Transcribe the entries exactly; images are not part of the copy.

[Records drawn from a dataset]
[Start of section]

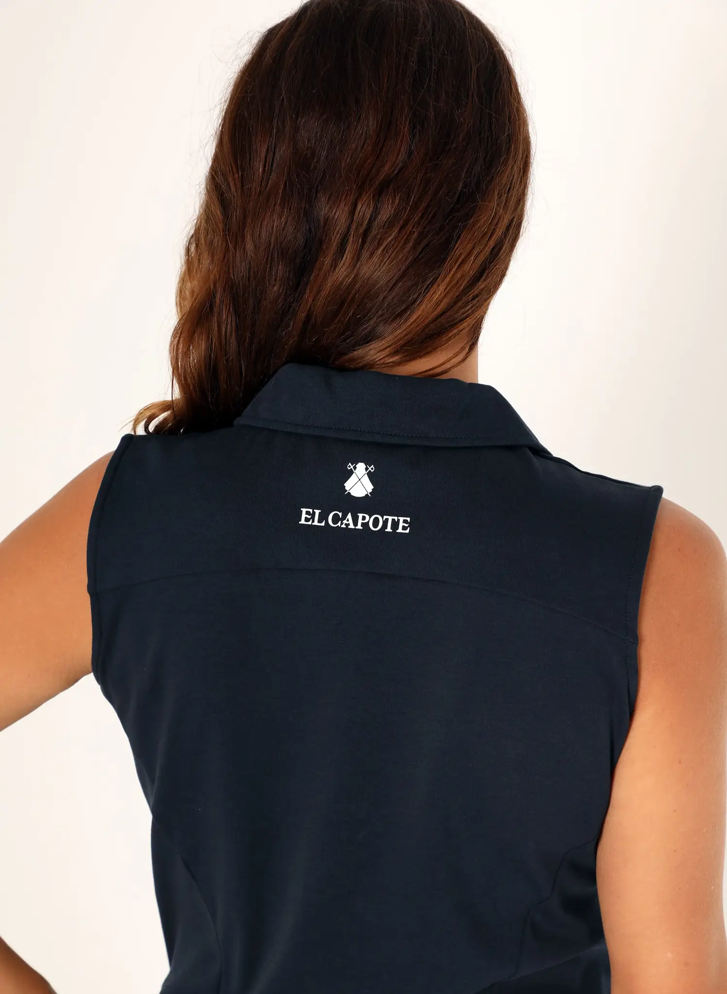 Polo azul marino sin manga con bandera de España dentro de la tapeta, tapeta de 4 botones, tejido interlock. Logo bordado en el pecho lado izquierdo en color blanco en 2 cm, serigrafía de El Capote en la nuca.
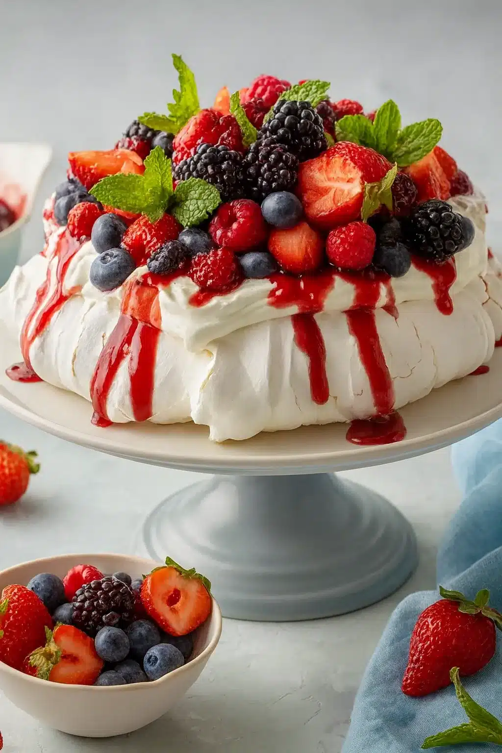 Classic Christmas pavlova topped with fresh berries, mint, and cream for a stunning holiday dessert
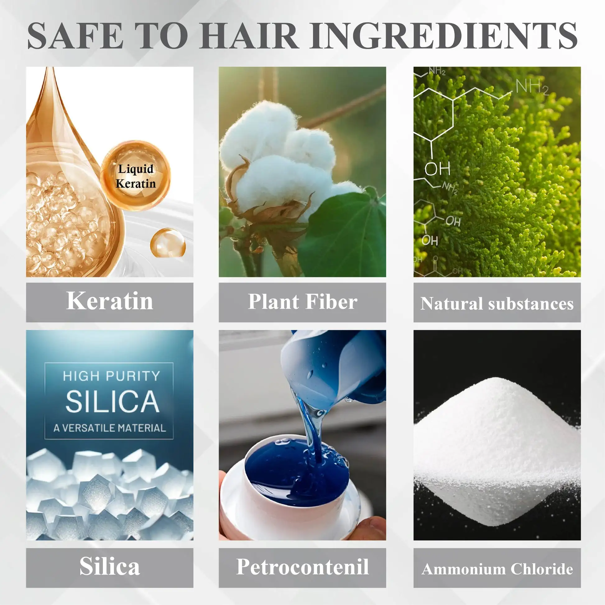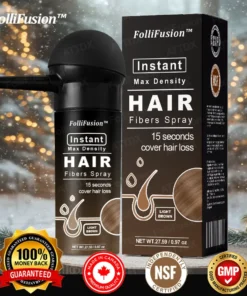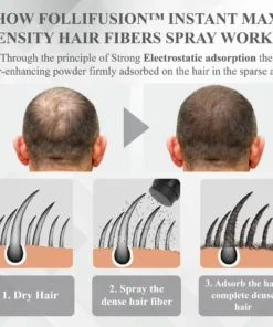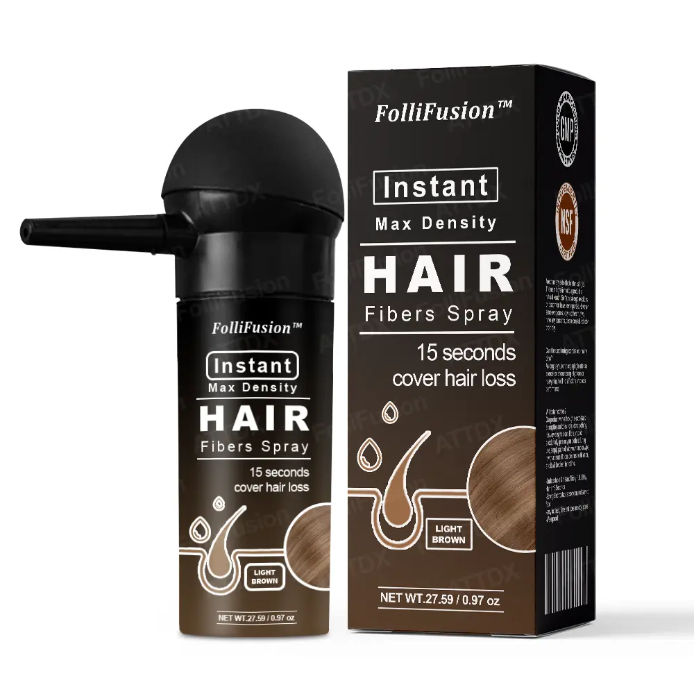 FolliFusion™ Instant Max Density Hair Fibers Spray delivers thick, full, and shiny hair in just 15 seconds. Its strong electrostatic adsorption ensures the fibers stay in place even under bright lights or camera flashes and remaining completely undetectable.
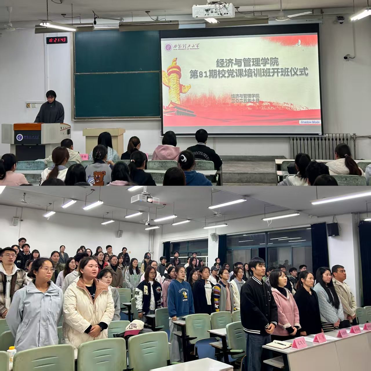 为深入学习贯彻习近平新时代中国特色社会主义思想和党的二十届四中全会精神,深入贯彻落实新时代党的建设总要求和新时代党的组织路线,做好新时代党员发展和教育工作,10月29日晚,经济与管理学院分党校在教8-216教室举办第81期入党积极分子培训班开班仪式。学院党委副书记兼副院长朱晓明、学工办辅导员及培训班全体学员参加了本次活动,开班仪式由分党校负责人黄博琳主持。
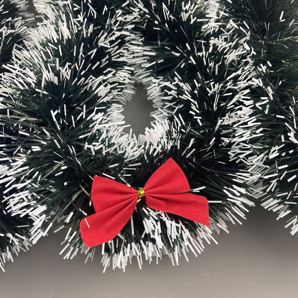 Transfronterizos nuevos 2 metros de cifrado verde oscuro borde blanco lana verde decoración navideña de color tira de flores de nieve encaje
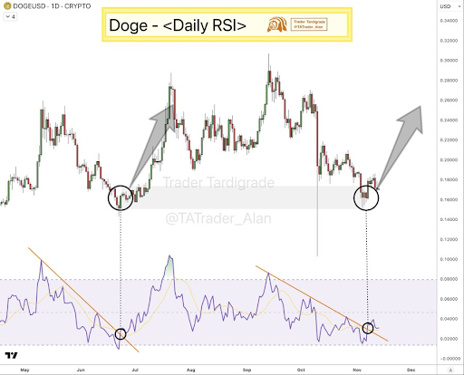 According to an analysis prepared by Trader Tardigrade, Dogecoin price initially rose from around $0.060 in May, reaching a peak above $0.300 by early July. This upward trend was confirmed by the RSI breaking above a descending trendline. However, the price subsequently dropped, touching a low point near $0.160 by mid-November. During this period, the RSI showed a trend reversal, breaking below its previous uptrend. As of the current data, Dogecoin’s price has returned to the $0.160 level.
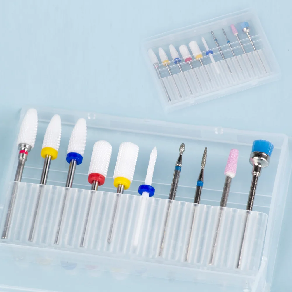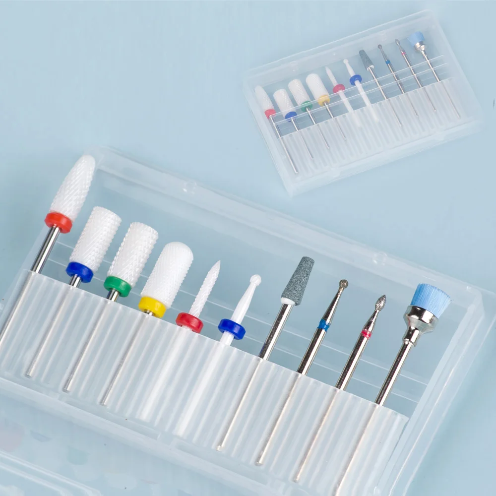 7/10/20 штук вращающийся лак для ногтей сверло упаковано в пластиковый контейнер для хранения
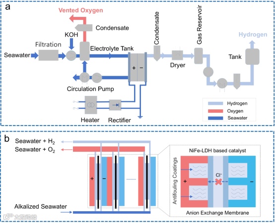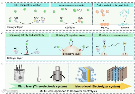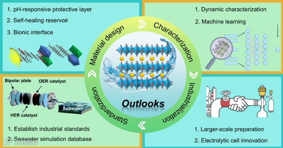 要点:本图将海水电解的复杂困境归纳为四大挑战,并创新性地提出了从原子级调控到电解槽设计的全链条解决方案框架,为研究者指明了攻坚方向。
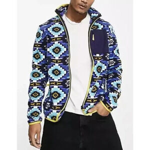 Wesc Moritz Aztec Fleece Jacket Zip Southwestern Blue Yellow Unisex medium NEW.
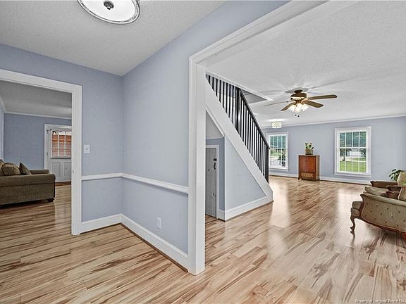 Enjoy this Rocking Chair Front Porch with pond views and quiet corner lot on over an acre of land.Brick ranch home with 3 bedrooms including primary and 2 Full Baths. Kitchen has granite countertops, tiled backsplash and stainless steel appliances. Den with brick fireplace and mantel. Large living room. Beautiful engineered hardwood throughout the home with a fresh coat of paint. Primary bedroom has walk-in Cedar lined closet. Screened in back porch for backyard enjoyment. Large Two Car Carport attached to home with extra storage. Two storage sheds in the partially fenced in back yard.
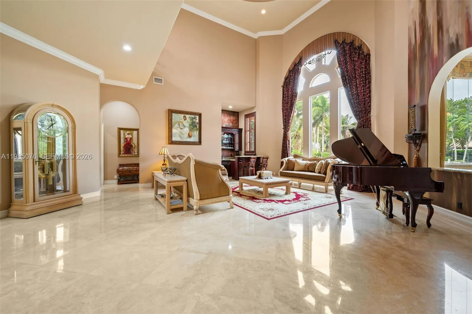 Luxury estate home in prestigious Stonebrook Estates offering over 6,540 sq ft of living space on a private 42,000+ sq ft lot. This 6-bedroom, 7.5-bath residence affords a well-designed floor plan with a spacious primary suite on the main level, den and a luxurious bathroom with a Roman tub, oversized shower, & dual water closets. Large windows thru-out fill the home with abundant natural light. The open-concept kitchen features a Sub-Zero refrigerator/freezer, double oven w/warmer, and flows seamlessly into the dining area and family room. Saturnia marble flooring, solid wood interior doors, and French doors add to the home’s elegance. Designed for both comfort and entertaining, the main level also includes a media room w/new leather power recliners, half bath and an en-suite guest bedroom providing privacy for visitors. The second floor offers four bedrooms, each with en-suite baths, along with a spacious loft. Dual laundry rooms on both levels add convenience. Outdoor living includes a covered patio w/471 sq ft), resort-style pool and spa, and a private backyard with a full working summer kitchen. Other features include impact windows and doors, full wet bar with refrigerator & ice maker, central vacuum, Updates include two water heaters (2021), three A/C units (all under 5 years old), and a roof replaced in 2017. Four-car garage w/split design. Community offers 24-hour manned gate, tennis/pickleball/basketball/volleyball courts, fitness center & clubhouse.
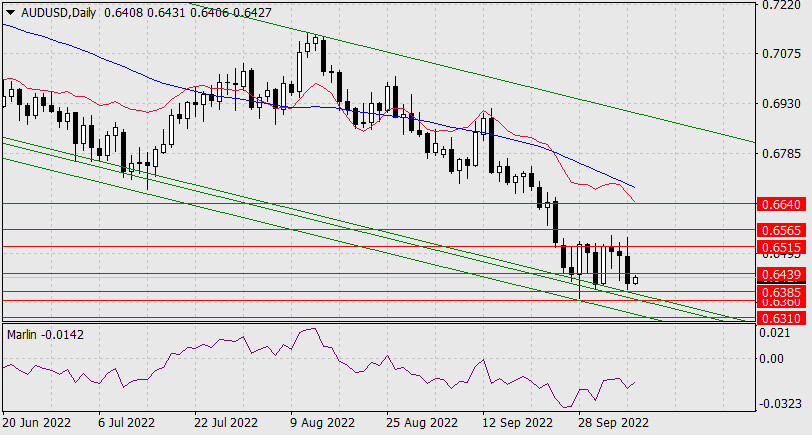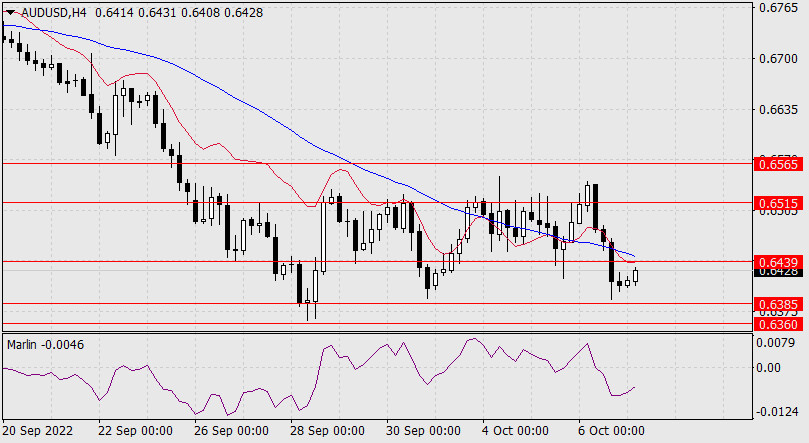 Прогноз по AUD/USD на 7 октября 2022 годаИнстаФорекс - Instaforex, 3 года назад Австралийский доллар вчера показал сильное падение от целевого уровня 0.6515 до целевого уровня 0.6385. Нижняя тень не дошла до нисходящей линии ценового канала несколько пунктов, но с учётом флуктуации, погрешности в графике, можно принять цель как отработанную, так как после неё произошёл отскок цены вверх. Также сигнальная линия осциллятора Марлин отреагировала на подскок цены небольшим разворотом вверх.
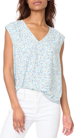 This soft sleeveless top features dainty allover blooms for a charming vibe.

[End of section]

*Final answer*:
 Polo azul marino sin manga con bandera de España dentro de la tapeta, tapeta de 4 botones, tejido interlock. Logo bordado en el pecho lado izquierdo en color blanco en 2 cm, serigrafía de El Capote en la nuca.
 Classic Christmas pavlova topped with fresh berries, mint, and cream for a stunning holiday dessert
 FolliFusion™ Instant Max Density Hair Fibers Spray delivers thick, full, and shiny hair in just 15 seconds. Its strong electrostatic adsorption ensures the fibers stay in place even under bright lights or camera flashes and remaining completely undetectable.
 为深入学习贯彻习近平新时代中国特色社会主义思想和党的二十届四中全会精神,深入贯彻落实新时代党的建设总要求和新时代党的组织路线,做好新时代党员发展和教育工作,10月29日晚,经济与管理学院分党校在教8-216教室举办第81期入党积极分子培训班开班仪式。学院党委副书记兼副院长朱晓明、学工办辅导员及培训班全体学员参加了本次活动,开班仪式由分党校负责人黄博琳主持。
 Transfronterizos nuevos 2 metros de cifrado verde oscuro borde blanco lana verde decoración navideña de color tira de flores de nieve encaje
 According to an analysis prepared by Trader Tardigrade, Dogecoin price initially rose from around $0.060 in May, reaching a peak above $0.300 by early July. This upward trend was confirmed by the RSI breaking above a descending trendline. However, the price subsequently dropped, touching a low point near $0.160 by mid-November. During this period, the RSI showed a trend reversal, breaking below its previous uptrend. As of the current data, Dogecoin’s price has returned to the $0.160 level.
 7/10/20 штук вращающийся лак для ногтей сверло упаковано в пластиковый контейнер для хранения
 要点:本图将海水电解的复杂困境归纳为四大挑战,并创新性地提出了从原子级调控到电解槽设计的全链条解决方案框架,为研究者指明了攻坚方向。
 Wesc Moritz Aztec Fleece Jacket Zip Southwestern Blue Yellow Unisex medium NEW.
 Enjoy this Rocking Chair Front Porch with pond views and quiet corner lot on over an acre of land.Brick ranch home with 3 bedrooms including primary and 2 Full Baths. Kitchen has granite countertops, tiled backsplash and stainless steel appliances. Den with brick fireplace and mantel. Large living room. Beautiful engineered hardwood throughout the home with a fresh coat of paint. Primary bedroom has walk-in Cedar lined closet. Screened in back porch for backyard enjoyment. Large Two Car Carport attached to home with extra storage. Two storage sheds in the partially fenced in back yard.
 Luxury estate home in prestigious Stonebrook Estates offering over 6,540 sq ft of living space on a private 42,000+ sq ft lot. This 6-bedroom, 7.5-bath residence affords a well-designed floor plan with a spacious primary suite on the main level, den and a luxurious bathroom with a Roman tub, oversized shower, & dual water closets. Large windows thru-out fill the home with abundant natural light. The open-concept kitchen features a Sub-Zero refrigerator/freezer, double oven w/warmer, and flows seamlessly into the dining area and family room. Saturnia marble flooring, solid wood interior doors, and French doors add to the home’s elegance. Designed for both comfort and entertaining, the main level also includes a media room w/new leather power recliners, half bath and an en-suite guest bedroom providing privacy for visitors. The second floor offers four bedrooms, each with en-suite baths, along with a spacious loft. Dual laundry rooms on both levels add convenience. Outdoor living includes a covered patio w/471 sq ft), resort-style pool and spa, and a private backyard with a full working summer kitchen. Other features include impact windows and doors, full wet bar with refrigerator & ice maker, central vacuum, Updates include two water heaters (2021), three A/C units (all under 5 years old), and a roof replaced in 2017. Four-car garage w/split design. Community offers 24-hour manned gate, tennis/pickleball/basketball/volleyball courts, fitness center & clubhouse.
 Прогноз по AUD/USD на 7 октября 2022 годаИнстаФорекс - Instaforex, 3 года назад Австралийский доллар вчера показал сильное падение от целевого уровня 0.6515 до целевого уровня 0.6385. Нижняя тень не дошла до нисходящей линии ценового канала несколько пунктов, но с учётом флуктуации, погрешности в графике, можно принять цель как отработанную, так как после неё произошёл отскок цены вверх. Также сигнальная линия осциллятора Марлин отреагировала на подскок цены небольшим разворотом вверх.
 This soft sleeveless top features dainty allover blooms for a charming vibe.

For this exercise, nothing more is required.